→ Work task
In this exercise, print only the lines of the records below from the one with "- 해성에어로보틱스 (13,900원" through the one with "Verrone's Obsidian dahlia", inclusive. Pictures are not part of the copy.

→ Information shown

-- Opening Marker --

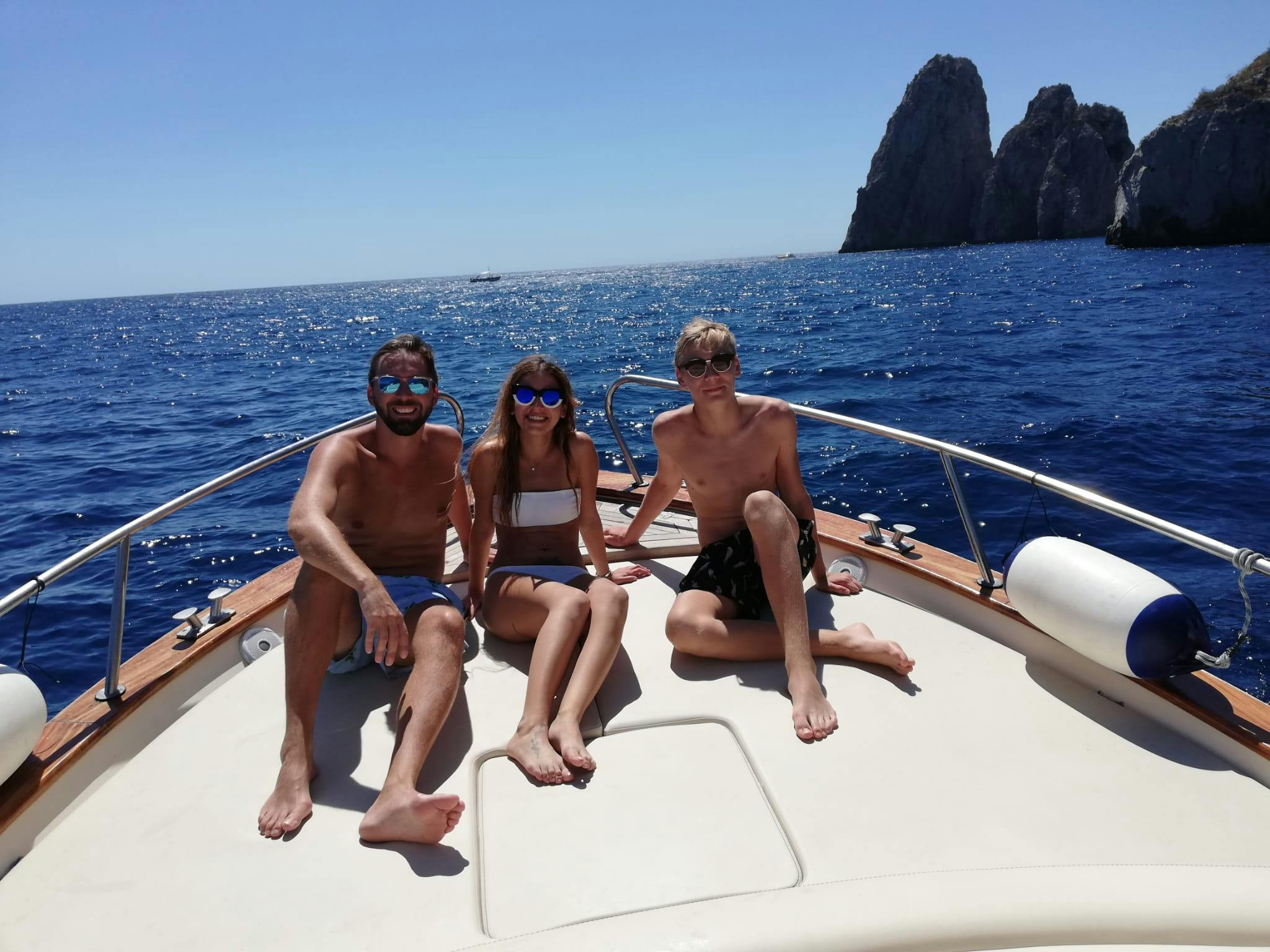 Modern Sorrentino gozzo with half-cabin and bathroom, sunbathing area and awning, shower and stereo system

-- Closing Marker --
-- Opening Marker --

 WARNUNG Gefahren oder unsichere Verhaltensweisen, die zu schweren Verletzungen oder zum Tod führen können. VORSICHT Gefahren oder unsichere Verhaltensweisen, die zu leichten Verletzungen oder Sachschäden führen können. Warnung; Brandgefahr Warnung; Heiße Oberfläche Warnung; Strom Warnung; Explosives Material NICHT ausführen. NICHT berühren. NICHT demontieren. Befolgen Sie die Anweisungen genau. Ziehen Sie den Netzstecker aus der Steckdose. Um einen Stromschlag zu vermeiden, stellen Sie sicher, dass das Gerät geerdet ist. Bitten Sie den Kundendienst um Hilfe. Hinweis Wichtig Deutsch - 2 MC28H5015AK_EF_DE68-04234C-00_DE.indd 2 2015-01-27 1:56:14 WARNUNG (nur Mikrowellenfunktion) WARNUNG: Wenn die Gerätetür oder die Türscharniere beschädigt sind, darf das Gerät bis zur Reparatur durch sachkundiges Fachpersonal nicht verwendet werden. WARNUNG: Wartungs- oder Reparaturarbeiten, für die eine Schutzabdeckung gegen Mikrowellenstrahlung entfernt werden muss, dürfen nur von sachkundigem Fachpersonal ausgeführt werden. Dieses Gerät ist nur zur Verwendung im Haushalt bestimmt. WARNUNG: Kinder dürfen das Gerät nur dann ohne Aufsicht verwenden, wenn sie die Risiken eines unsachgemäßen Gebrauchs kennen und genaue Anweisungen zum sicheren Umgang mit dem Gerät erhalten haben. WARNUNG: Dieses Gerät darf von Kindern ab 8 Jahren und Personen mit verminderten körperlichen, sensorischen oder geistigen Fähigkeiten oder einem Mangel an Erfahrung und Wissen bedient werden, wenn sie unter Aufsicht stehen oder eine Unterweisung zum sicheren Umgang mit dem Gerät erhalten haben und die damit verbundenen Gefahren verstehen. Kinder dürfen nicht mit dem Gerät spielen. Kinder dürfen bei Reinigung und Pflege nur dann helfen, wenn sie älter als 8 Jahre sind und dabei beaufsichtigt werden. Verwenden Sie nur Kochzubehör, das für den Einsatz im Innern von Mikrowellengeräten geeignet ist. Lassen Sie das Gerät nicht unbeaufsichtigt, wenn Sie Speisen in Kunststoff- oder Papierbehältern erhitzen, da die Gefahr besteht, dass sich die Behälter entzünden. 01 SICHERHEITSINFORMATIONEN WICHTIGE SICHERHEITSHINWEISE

-- Closing Marker --
-- Opening Marker --

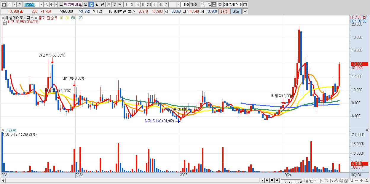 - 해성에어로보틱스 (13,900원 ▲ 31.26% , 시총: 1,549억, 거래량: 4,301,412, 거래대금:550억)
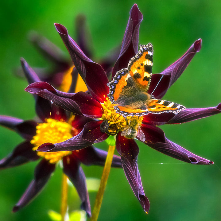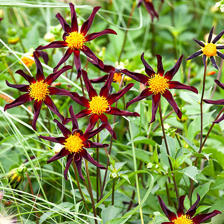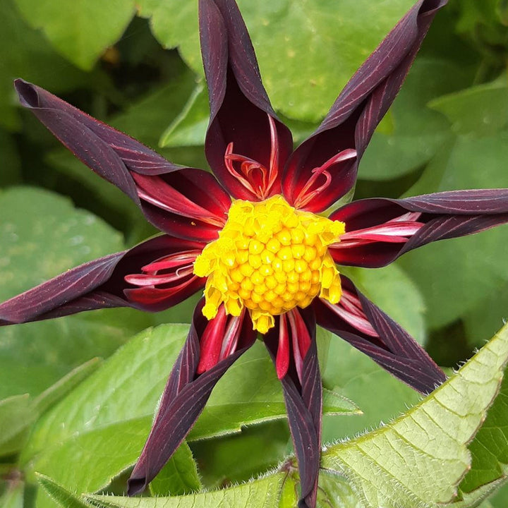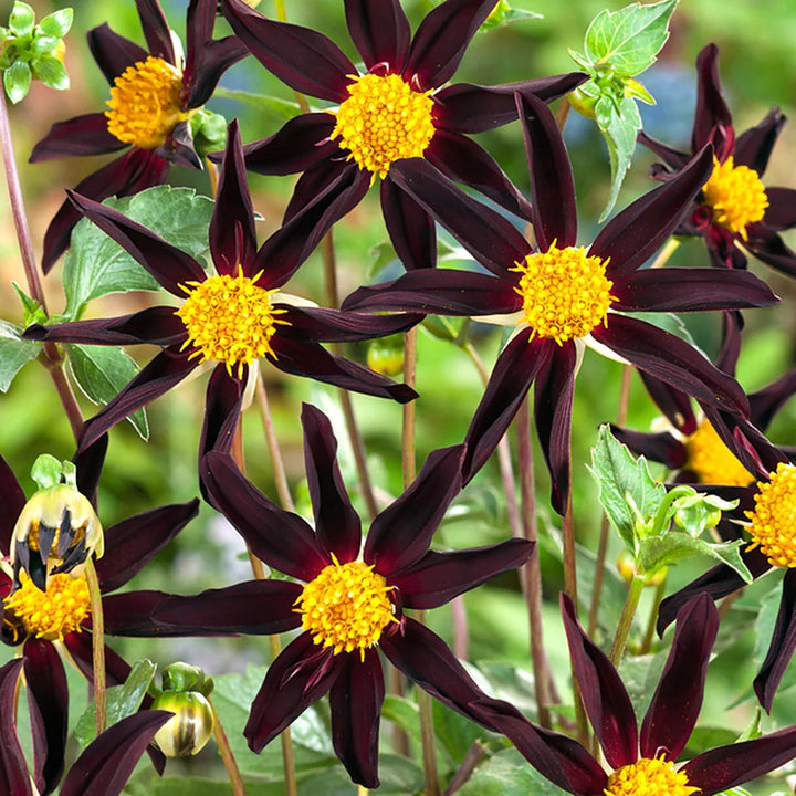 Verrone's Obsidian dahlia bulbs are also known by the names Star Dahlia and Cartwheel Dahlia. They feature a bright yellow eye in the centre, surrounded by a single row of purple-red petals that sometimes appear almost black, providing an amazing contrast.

-- Closing Marker --

→ Exercise response
 - 해성에어로보틱스 (13,900원 ▲ 31.26% , 시총: 1,549억, 거래량: 4,301,412, 거래대금:550억)
 Verrone's Obsidian dahlia bulbs are also known by the names Star Dahlia and Cartwheel Dahlia. They feature a bright yellow eye in the centre, surrounded by a single row of purple-red petals that sometimes appear almost black, providing an amazing contrast.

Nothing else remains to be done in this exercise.